Klar ist, dass es einen Modernisierungsbedarf gibt, was die Möglichkeiten der Stimmabgabe angeht. Aber sind Briefwahlen die Lösung?
Gewählt wird daheim
Über das Wahlergebnis in Bayern wurde inzwischen bereits viel geschrieben. Ein Ergebnis des Wahlabends fand jedoch nur am Rande Erwähnung: der rasante Anstieg an Briefwählern.

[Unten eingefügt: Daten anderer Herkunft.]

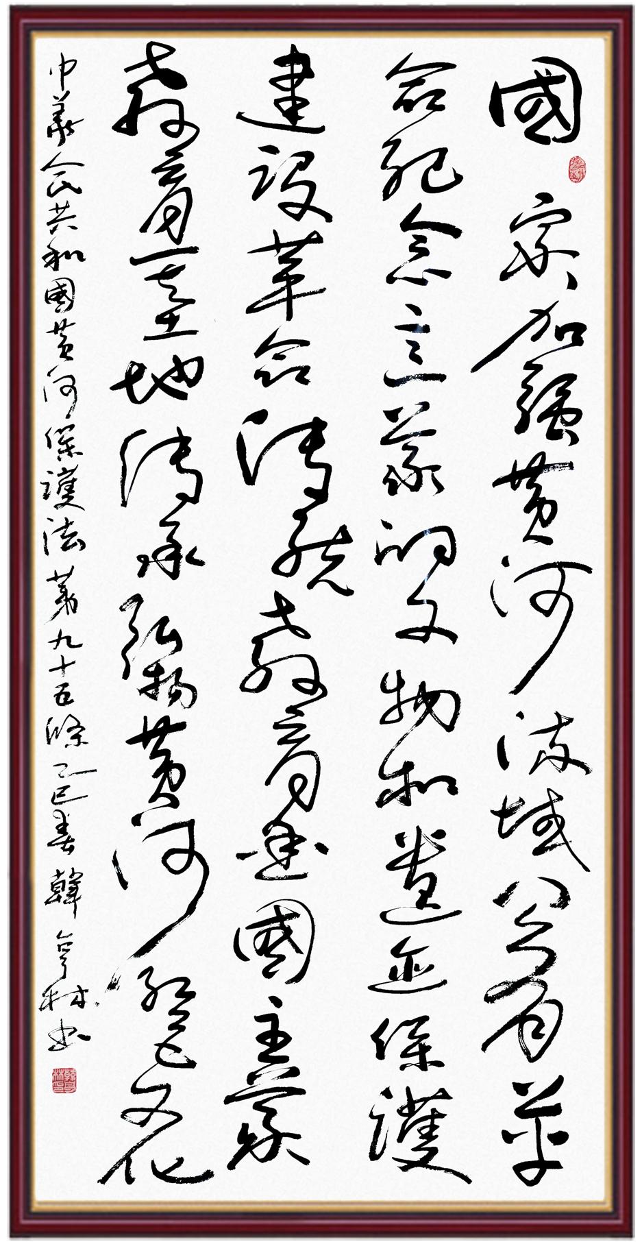 黃河寧,天下平。黃河是中華民族的發(fā)源地和搖籃,保護黃河是事關中華民族偉大復興的千秋大計?!吨腥A人民共和國黃河保護法》為推進水資源節(jié)約集約利用、保護傳承弘揚黃河文化、推動黃河流域生態(tài)保護和高質量發(fā)展提供了有力法治保障。繼書寫《中華人民共和國民法典》《中華人民共和國憲法》《中華人民共和國澳門特別行政區(qū)基本法》《中華人民共和國香港特別行政區(qū)基本法》《中華人民共和國國旗法》《中華人民共和國國徽法》《中華人民共和國國歌法》《中華人民共和國法官法》等法律法規(guī)之后,法制日報社聯(lián)合沿黃九省(區(qū))司法廳、書法家協(xié)會,將筆端對準《中華人民共和國黃河保護法》。
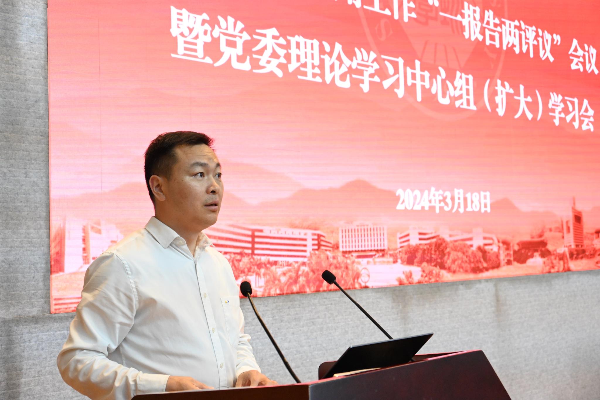 3月18日,深圳大學2023年度干部選拔任用工作“一報告兩評議”會議暨黨委理論學習組(擴大)學習會在匯星樓報告廳召開。全體在家校領導、全體中層正職、主持工作副職和黨員群眾代表參加會議,黨委副書記吳報水主持會議。
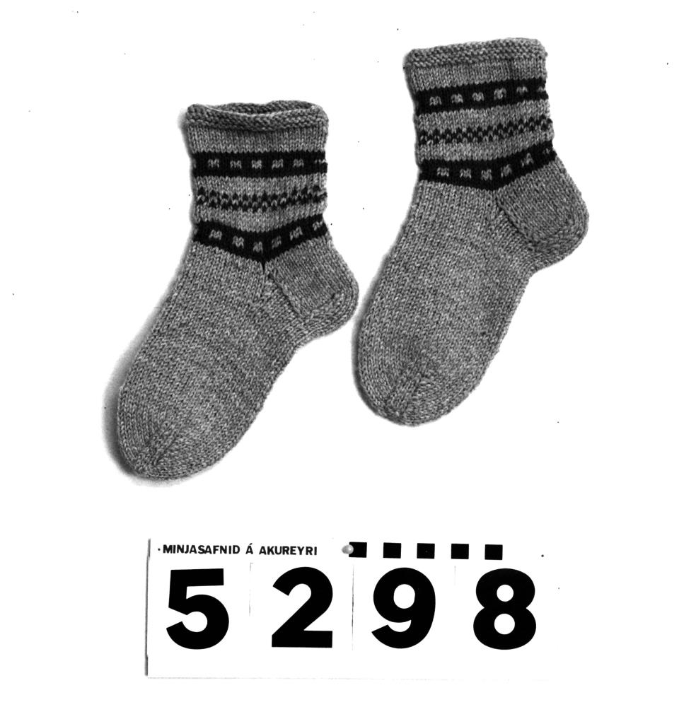 prjónaðir úr ullarbandi, gráir að lit með þremur rauðum röndum á
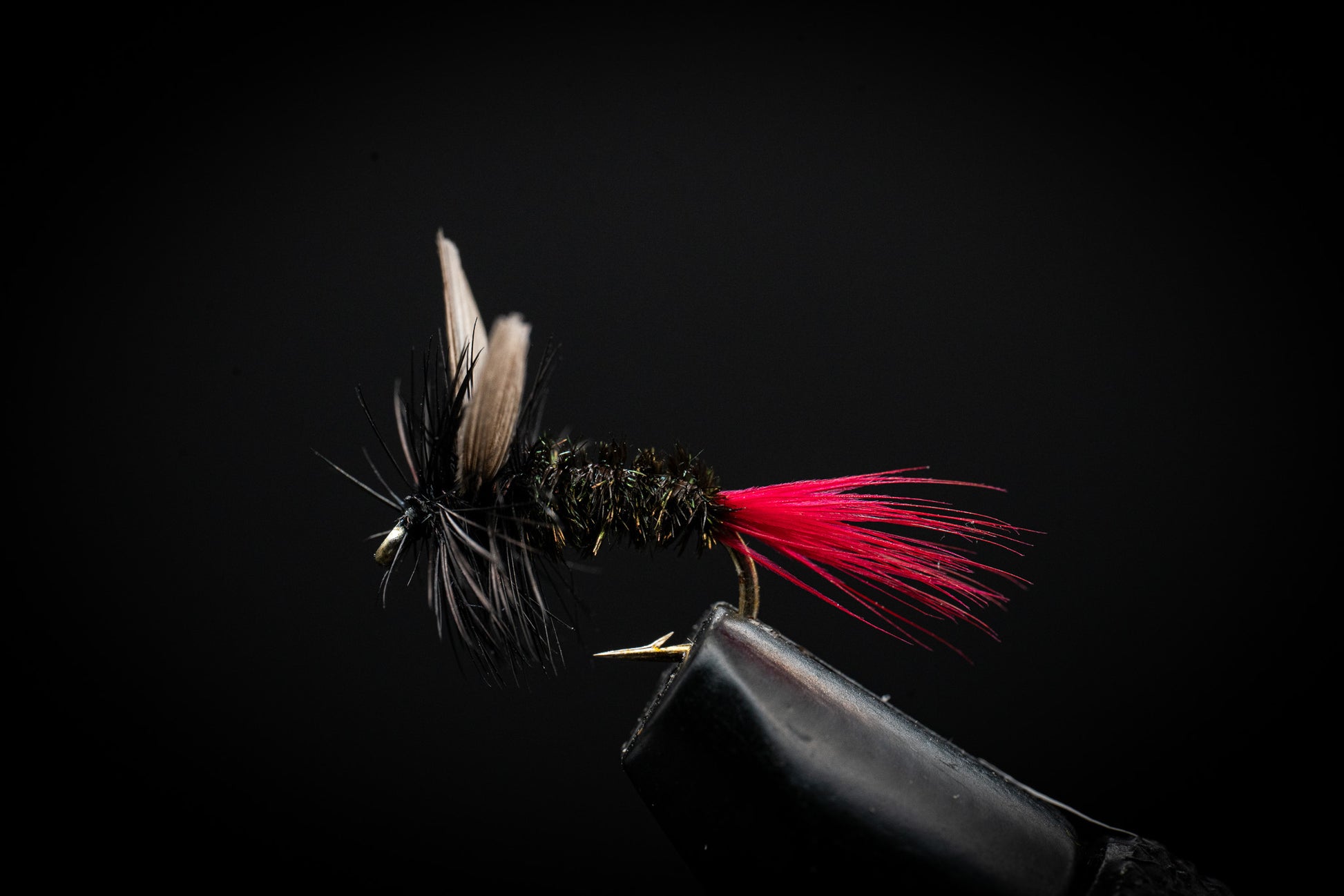 The Black Gnat Red Tail is a variant of the classic Black Gnat, a fly pattern with origins in the 1800s. The addition of the red tail likely developed in the early to mid-20th century as fly tiers began experimenting with attractor elements to increase a fly’s visibility and trigger response strikes. Similar to the use of red tags or tails in other traditional patterns (like the Red Tag or Royal Coachman), the red tail adds an element of visual stimulation while preserving the effectiveness of the original Black Gnat’s profile. This version has remained a favorite in both wet and dry forms for anglers targeting trout and panfish, particularly when fish are feeding opportunistically.
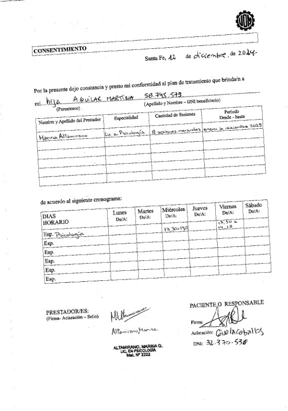 | 25 | ALTAMIRANO MARINA | CONSENTIMIENTO PRESTACIONAL |
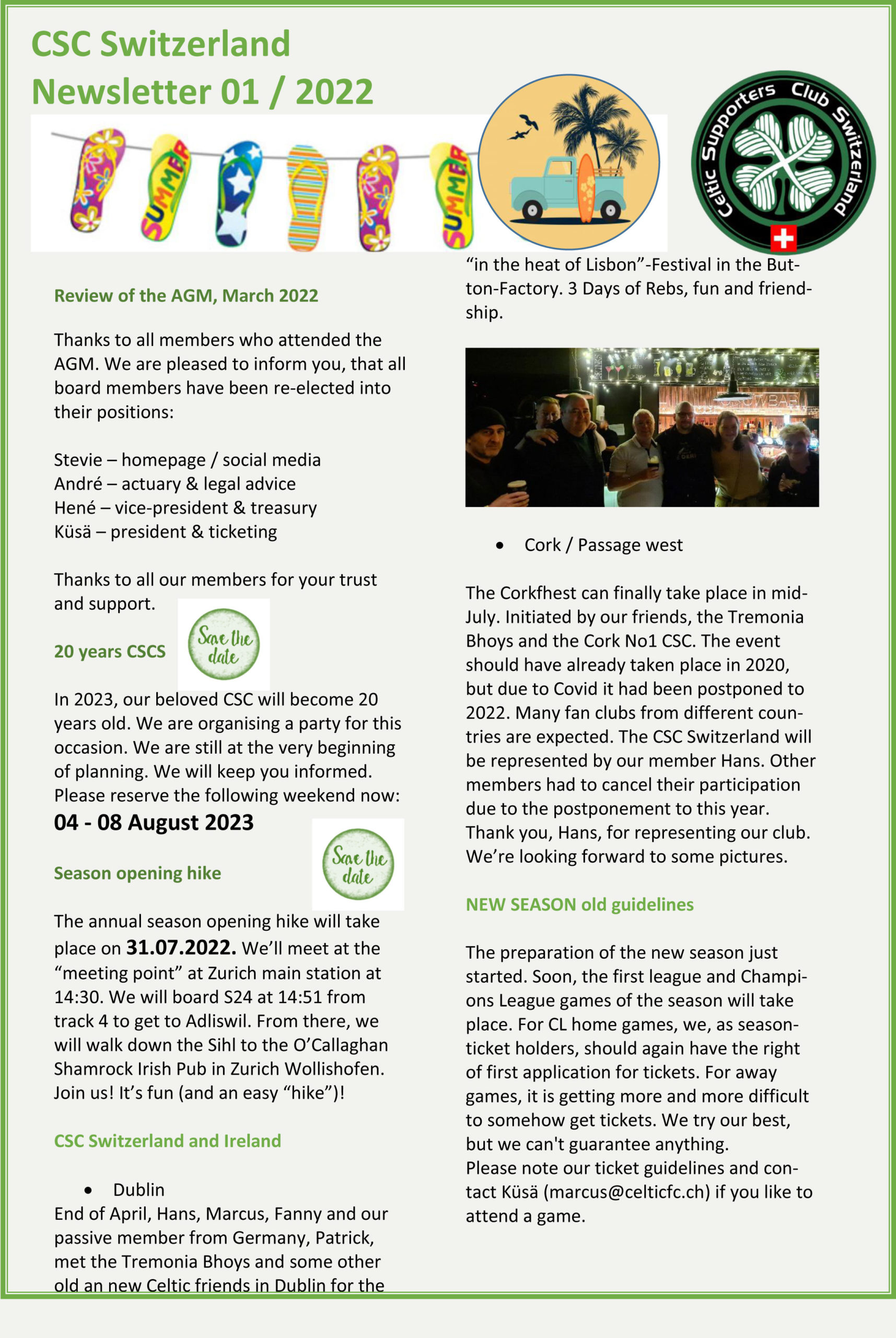 Dear members, Our newest edition of the newsletter is out! It’s number 30, since we refounded our beloved CSC Switzerland. Therefore president Marcus decided to rename the newsletter to «The Paradise Pages». We hope you like the name and the reading! Hail, Hail! Board of CSCS Switzerland
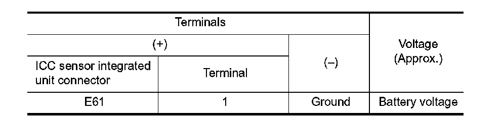 4. Check voltage between ICC sensor integrated unit harness connector and ground.
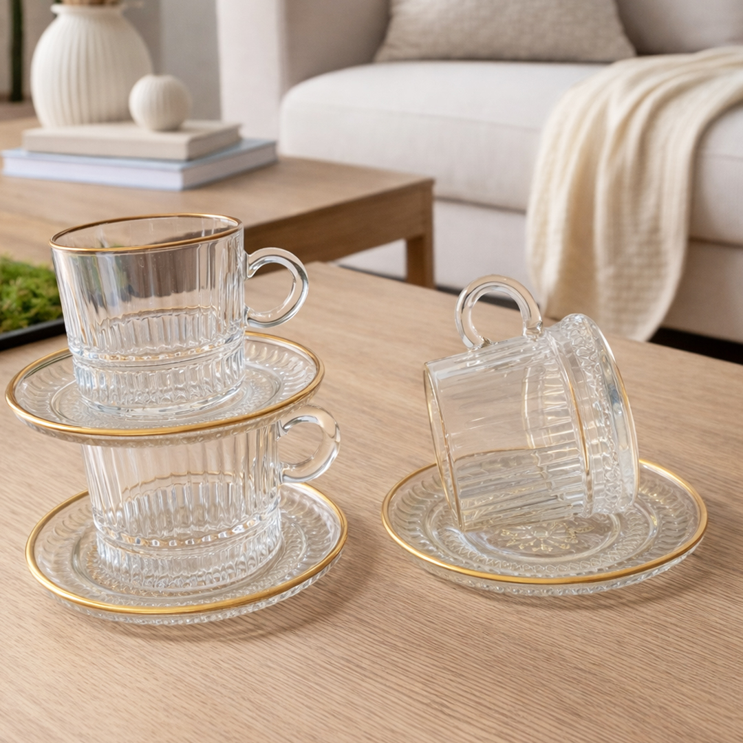 Apportez une touche d’élégance à vos moments café avec ce service à café en verre transparent au design raffiné. Son verre décoré avec des détails élégants et sa bordure dorée donnent une allure chic et moderne à votre table.
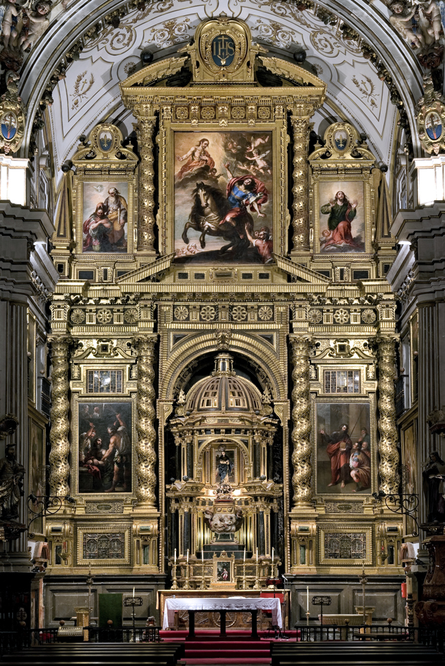 Los retablos del crucero se ejecutaron, salvo en su policromía y dorado, en la década de 1640. En la arquitectura del retablo mayor se trabajó desde, al menos, 1650 hasta 1664, distribuyéndose por ella diversos elementos pictóricos y escultóricos además de una serie de relicarios. Los relicarios, parte de ellos en dos esculturas de busto, y quizá el Crucificado del ático, del estilo de Pablo de Rojas, son piezas rescatadas de un retablo precedente inaugurado en 1610. En el manifestador se colocaron una serie de pinturas flamencas sobre cobre y seis esculturas, de las que cuatro, las de los Evangelistas, se atribuyen a Pedro de Mena. Por último, los lienzos que completan el conjunto, obra del pintor Pedro Atanasio Bocanegra, fueron pintados entre 1663 y 1679.
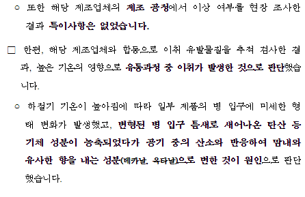 다만 원문에도 기재되었듯이 올해 무더운 여름 기온 상승에 의하여 병 입구부의 열변형이 발생하였고
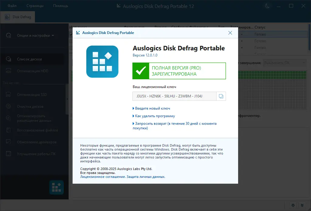 Auslogics Disk Defrag — это высокопроизводительный инструмент для дефрагментации и оптимизации жёстких дисков, совместимый с файловыми системами FAT 16/32 и NTFS. Программа ускоряет доступ к данным, упорядочивает разрозненные файлы и повышает общую отзывчивость системы. Благодаря эффективным алгоритмам, она подходит как для традиционных HDD, так и для современных SSD.
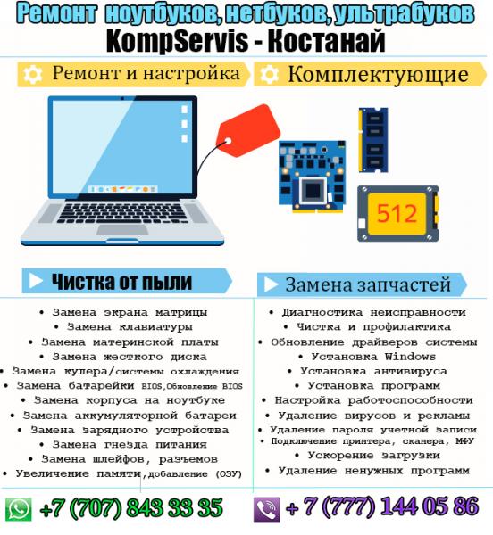 • Ремонт любой сложности. (Ноутбук, нетбук, ультрабук) • Восстановление ноутбука. • Чистка от пыли c заменой термопасты.
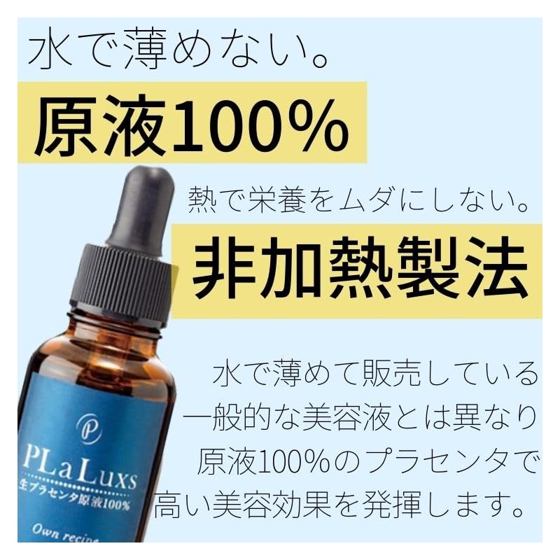 First in Japan! 100% Raw Placenta Liquid Serum [100% Plarus Raw Placenta Solution] Developed using a unique waterless and non-heating method. For those who prefer a carbonated mist please search for "raw placenta" from the shop. Because it does not use water, it is "overwhelming concentration", because it does not use heat and is 100% raw placenta solution for "completely waterless extracted and unheated method" without water or heat. In order to create a more concentrated placenta extract, we have made a focus on "waterless extraction" that does not use water when extracting from the placenta. No other ingredients as much as possible and concentrated placenta extract. A "heating process" is required to extract common placenta extract. When that happens, the heat sensitive "gloss factor" will become lost. However, the unique "unheated method" prevents the loss of the "gloss factor". The gloss factor is EGF, FGF, IGF, and TGF. In addition, we have created 100% raw placenta solution that is unhydrated to prevent the effectiveness of the placenta and unheated raw placenta solution that does not use water, no heat, and no water. In addition, it has been formulated with an astonishing concentration of over 90% of the placenta for a more effective experience. A great addition to your regular care for your skin and radiant skin. "Placenta" means "Placenta" means "Placenta", which contains the five major elements of proteins, fats, sugar, vitamins and minerals, and most of the nutrients required by humans. Placenta extract extracted from placenta is said to be effective in creating better skin with a wide range of beauty effects.
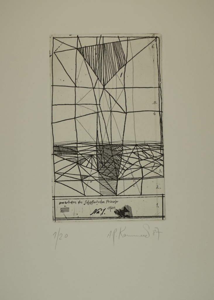 Galerie Bl.4 Das Wirken des schöpferischen Prinzips Nr.1Mappe: Kammerer A. P. "wer weiß, wie´s morgen wird"Radierung, 17,5x10,5 39,5x27,0 cm, 1/20 1987Kammerer Anton Paul
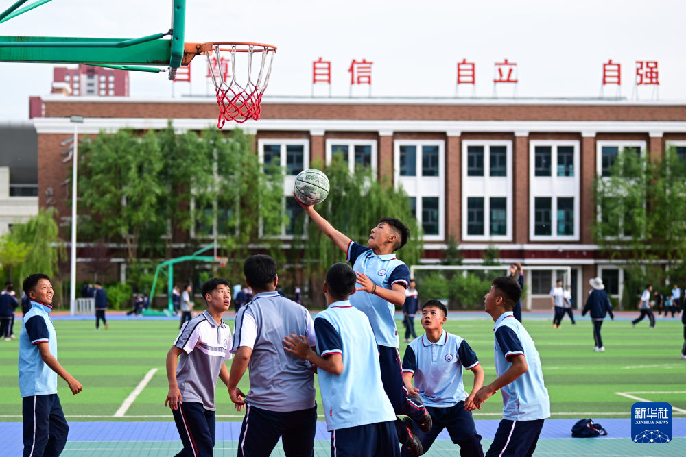 6月18日,果洛西宁民族中学学生在打篮球。新华社记者 张龙 摄
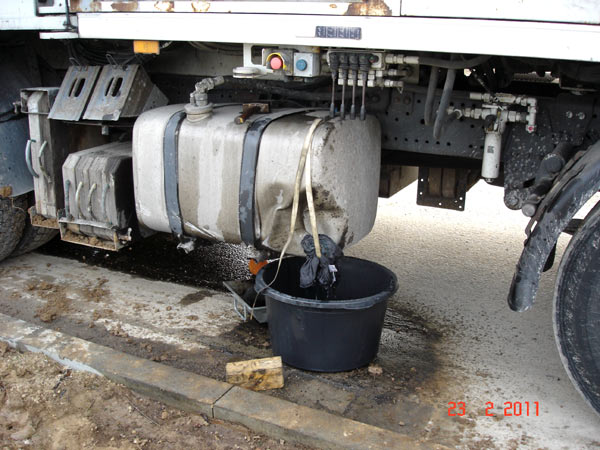 vom beschädigten Fahrzeugtank in den unbeschädigten Zusatztank des LKWs
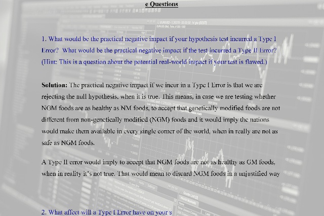 1. What would be the practical negative impact if your hypothesis test incurred a Type I Error? What would be the practical negative impact if the test incurred a Type II Error?
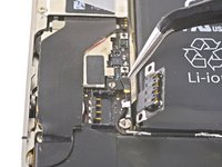 Carefully lift the logic board from the end closest to the speaker enclosure and slide it away from the top edge of the iPhone.
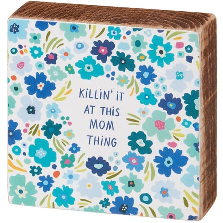 A colorful wooden block sign from our Mother's Day Collection displaying a vibrant hand illustrated design of flowers in a blue color palette surrounding a fun mom-themed sentiment that reads "Killin' It At This Mom Thing." Block sign features coordinating natural wood on the sides and back. Our Mom Thing block sign is easy to hang via predrilled keyhole slot or can free-stand alone. A lovely gift perfect for Mother's Day or as an everyday home accent.
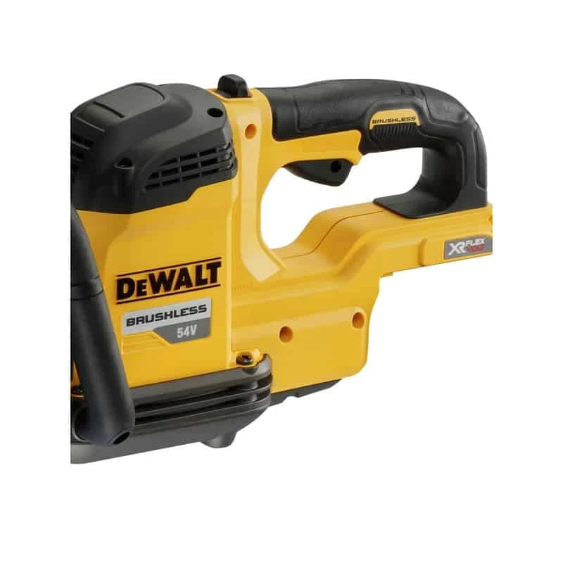 La Dewalt DCS397N à une forme ergonomique et une poignée en caoutchouc pour une meilleure tenue et moins de fatigue, un blocage de sécurité de l’interrupteur est présent afin d’éviter un démarrage accidentel.
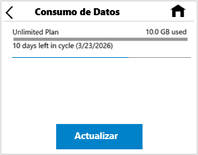 NOTA: La información de uso de datos que se muestra es una estimación y puede diferir de las cifras oficiales de AT&T. Consulte siempre su cuenta de AT&T para obtener información precisa sobre el uso de datos.

Dabei schrieb die Süddeutsche bereits zwei Tage vor der Wahl:
„In München beantragten bis Freitagvormittag etwa 257.000 Wähler ihre Stimmzettel. Das sind fast 80 Prozent mehr als bei der letzten Wahl – und bereits deutlich mehr als ein Viertel aller Wahlberechtigten. Nürnberg zählte 75.000 ausgegebene Wahlunterlagen, vor fünf Jahren waren es nur 46.000.“
In Augsburg habe die Stadt sogar noch Wahlunterlagen nachbestellen müssen (Augsburger Allgemeine: „Briefwahl sorgt für Engpässe“).
Die Argumente der Briefwähler sind vielfältig, doch gerade für junge Menschen scheint es inzwischen selbstverständlich, die Möglichkeit zu nutzen, schon vorab die Stimme abgeben zu können. Dabei geht es häufig um die Flexibilität, die man sich für einen freien Sonntag bewahren möchte, aber auch um die Möglichkeit, den Wahlzettel ohne zeitlichen Druck daheim studieren zu können.
Noch bis 2008 war die Briefwahl nur möglich, wenn man theoretisch einen Hinderungsgrund für die Stimmabgabe im eigenen Wahlbezirk nachweisen konnte. Im März 2008 wurde dieser Passus gestrichen und seitdem kann ein Briefwahlantrag auch dann gestellt werden, wenn kein Hinderungsgrund vorliegt (siehe wahlrecht.de).